Это было под конец турнира. Тем же вечером подошли люди из костромского «Спартака» и сказали, что мне звонили из дома: нужно срочно возвращаться. Я испугался, что с родными что-то произошло, а со связью в ту пору было не так легко, как сейчас. И тут же уехал. Оказалось, что все в порядке, и это, скорее всего, был некий ход руководства костромичей, прослышавших об интересе Бескова и пожелавших меня таким образом «спрятать», пока утрясется. Все-таки я был лучшим бомбардиром и капитаном команды.

Но не утряслось. В конце турнира был выставочный матч сборной этого соревнования против московского «Спартака». Я был включен в сборную. А Бесков, не увидев меня в составе, начал интересоваться, что да как. Поднялась большая волна. Моя команда вернулась в Кострому, после чего было сказано: «Бесков рвет и мечет. Уезжай срочно в Москву, иначе нас тут всех поснимают!»
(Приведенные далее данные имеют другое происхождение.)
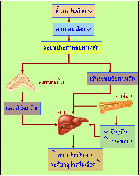 ถ้าระดับน้ำตาลในเลือดต่ำ จะกระตุ้นการทำงานของระบบประสาทซิมพาเทติก

Давление было очень сильным, и я, опять же не больно того желая, поехал на сборы в Сочи. Ни нагрузками, ни сложными упражнениями меня было не испугать. Я быстро понял, что в футбол, который ставит Бесков, играть могу. Плюс тренер меня поддерживал. Ну и ретивое взыграло: скоростные качества сохранил, игру понимаю — так почему не могу играть на таком уровне?

Был, правда, момент в 77-м, когда я уехал из команды. Вернулись из Ташкента, и пошли слухи, что кому-то из ребят дали квартиру, а Ярцеву — нет, хотя я стоял на очереди раньше. Вначале после каждой игры уезжал к семье в Кострому, а потом Бесков мне первому разрешил жить в Тарасовке с семьей. Но когда случилась эта ситуация с квартирой, я посчитал, что свое дело сделал, — и на попутном грузовике укатил в Кострому. Константин Иванович мне быстро позвонил. Разговор был секундный: «Я тебя жду. А если не приедешь, то с большим футболом попрощаешься».

Я понял, что это не шутки. Бесков пригласил меня к себе домой на «Маяковку». Надо отдать должное Валерии Николаевне, она как настоящий дипломат беседой «рулила». Знаете, с чего Константин Иванович начал? «Лера, — говорит, — ну налей ему, он с футболом все равно закончил!» «Ты коньяк будешь?» — это уже мне. «Я водку пью!» Так и посидели за «рюмкой чая», и я вернулся в Тарасовку.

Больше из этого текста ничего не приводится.